+++ SUPPLIED RECORDS +++
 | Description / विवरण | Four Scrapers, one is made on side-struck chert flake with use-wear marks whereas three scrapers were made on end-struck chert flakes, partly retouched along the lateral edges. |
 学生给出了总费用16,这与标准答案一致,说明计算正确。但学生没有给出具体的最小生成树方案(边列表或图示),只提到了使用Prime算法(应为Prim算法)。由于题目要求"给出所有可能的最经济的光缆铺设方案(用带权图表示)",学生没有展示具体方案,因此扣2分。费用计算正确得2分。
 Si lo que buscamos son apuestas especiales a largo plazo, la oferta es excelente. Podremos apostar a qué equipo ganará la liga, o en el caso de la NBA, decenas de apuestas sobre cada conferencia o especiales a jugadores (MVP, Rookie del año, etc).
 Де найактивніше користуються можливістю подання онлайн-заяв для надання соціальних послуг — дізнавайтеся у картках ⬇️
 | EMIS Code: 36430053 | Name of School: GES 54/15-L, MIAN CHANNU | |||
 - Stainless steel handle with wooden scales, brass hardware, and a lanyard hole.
+++
+++ SUPPLIED RECORDS +++
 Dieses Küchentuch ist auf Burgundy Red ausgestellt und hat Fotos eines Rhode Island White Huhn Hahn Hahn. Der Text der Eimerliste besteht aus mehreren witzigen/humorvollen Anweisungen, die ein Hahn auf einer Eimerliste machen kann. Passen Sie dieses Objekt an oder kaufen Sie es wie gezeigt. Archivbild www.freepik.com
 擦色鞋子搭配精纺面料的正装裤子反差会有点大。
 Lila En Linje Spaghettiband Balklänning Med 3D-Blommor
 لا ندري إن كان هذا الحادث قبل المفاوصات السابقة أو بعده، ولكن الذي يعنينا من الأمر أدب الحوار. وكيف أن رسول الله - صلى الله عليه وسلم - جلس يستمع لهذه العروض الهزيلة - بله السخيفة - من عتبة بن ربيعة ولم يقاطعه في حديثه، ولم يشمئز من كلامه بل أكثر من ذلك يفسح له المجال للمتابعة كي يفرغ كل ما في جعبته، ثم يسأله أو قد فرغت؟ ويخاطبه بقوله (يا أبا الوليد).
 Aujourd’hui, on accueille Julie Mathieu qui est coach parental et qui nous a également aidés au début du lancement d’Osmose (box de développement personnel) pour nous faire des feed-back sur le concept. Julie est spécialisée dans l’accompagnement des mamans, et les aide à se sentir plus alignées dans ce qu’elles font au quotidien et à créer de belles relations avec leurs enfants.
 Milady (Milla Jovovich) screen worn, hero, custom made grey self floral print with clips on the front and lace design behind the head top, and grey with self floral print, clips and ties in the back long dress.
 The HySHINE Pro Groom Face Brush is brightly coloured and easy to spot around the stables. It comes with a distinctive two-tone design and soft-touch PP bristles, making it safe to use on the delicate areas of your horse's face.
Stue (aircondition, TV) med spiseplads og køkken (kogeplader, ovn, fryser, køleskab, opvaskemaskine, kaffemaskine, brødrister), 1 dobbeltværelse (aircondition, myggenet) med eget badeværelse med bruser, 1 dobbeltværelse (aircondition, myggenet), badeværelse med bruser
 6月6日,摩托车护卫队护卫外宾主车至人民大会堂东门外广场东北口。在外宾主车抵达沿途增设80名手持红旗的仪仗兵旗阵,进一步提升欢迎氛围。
+++
+++ SUPPLIED RECORDS +++
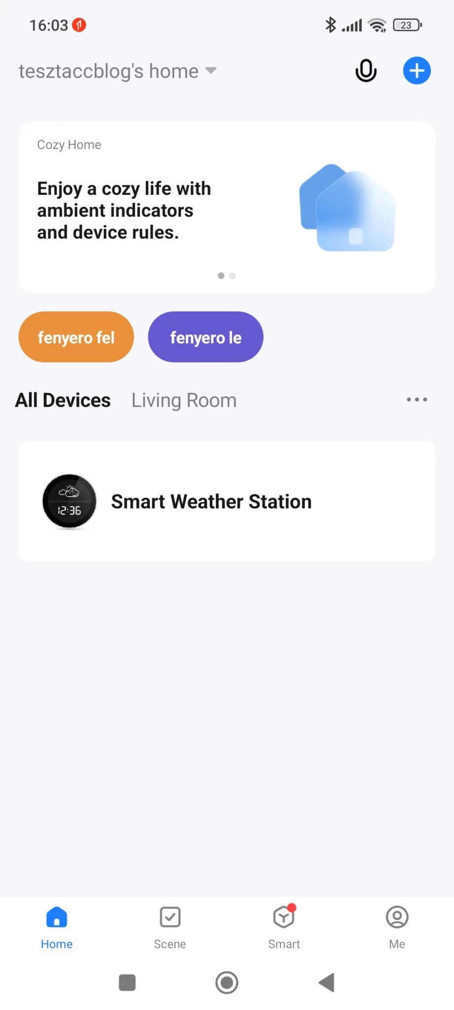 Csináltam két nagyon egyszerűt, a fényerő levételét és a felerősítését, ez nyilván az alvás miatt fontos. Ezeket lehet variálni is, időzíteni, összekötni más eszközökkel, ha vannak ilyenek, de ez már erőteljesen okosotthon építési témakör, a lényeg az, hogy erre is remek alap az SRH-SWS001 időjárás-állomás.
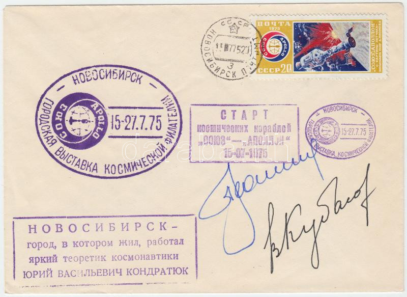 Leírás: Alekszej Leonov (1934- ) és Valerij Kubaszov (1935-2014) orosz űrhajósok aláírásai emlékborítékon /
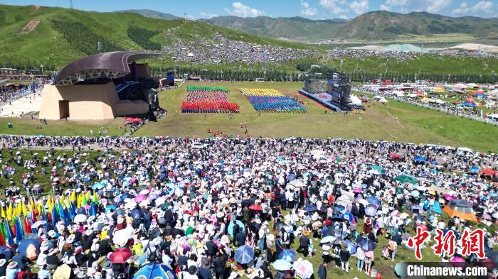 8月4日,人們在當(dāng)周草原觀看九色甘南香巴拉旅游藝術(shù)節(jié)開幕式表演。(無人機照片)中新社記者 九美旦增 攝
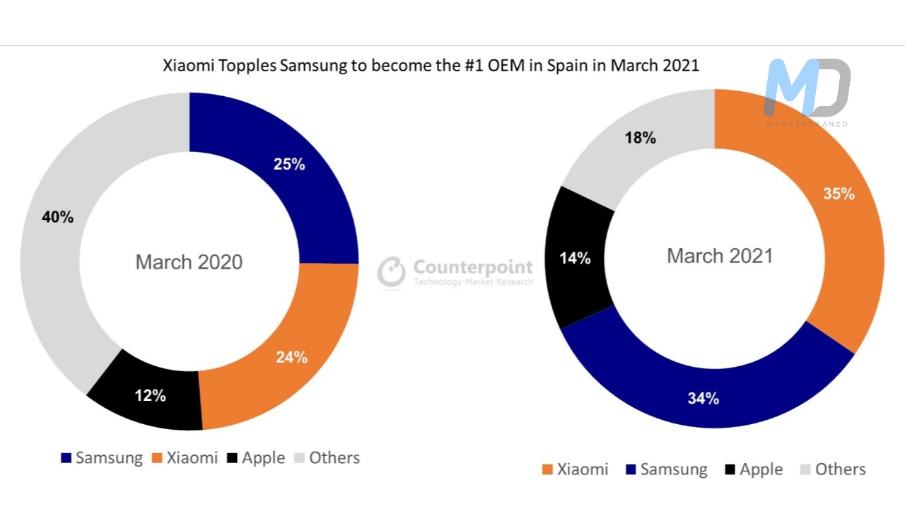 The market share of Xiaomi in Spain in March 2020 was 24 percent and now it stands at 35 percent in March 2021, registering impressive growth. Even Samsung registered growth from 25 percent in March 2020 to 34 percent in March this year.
+++
WORK TO COMPLETE ::
With "design" as the word to match, copy each line of the records that has it.

COMPLETED EXERCISE ::
 Milady (Milla Jovovich) screen worn, hero, custom made grey self floral print with clips on the front and lace design behind the head top, and grey with self floral print, clips and ties in the back long dress.
 The HySHINE Pro Groom Face Brush is brightly coloured and easy to spot around the stables. It comes with a distinctive two-tone design and soft-touch PP bristles, making it safe to use on the delicate areas of your horse's face.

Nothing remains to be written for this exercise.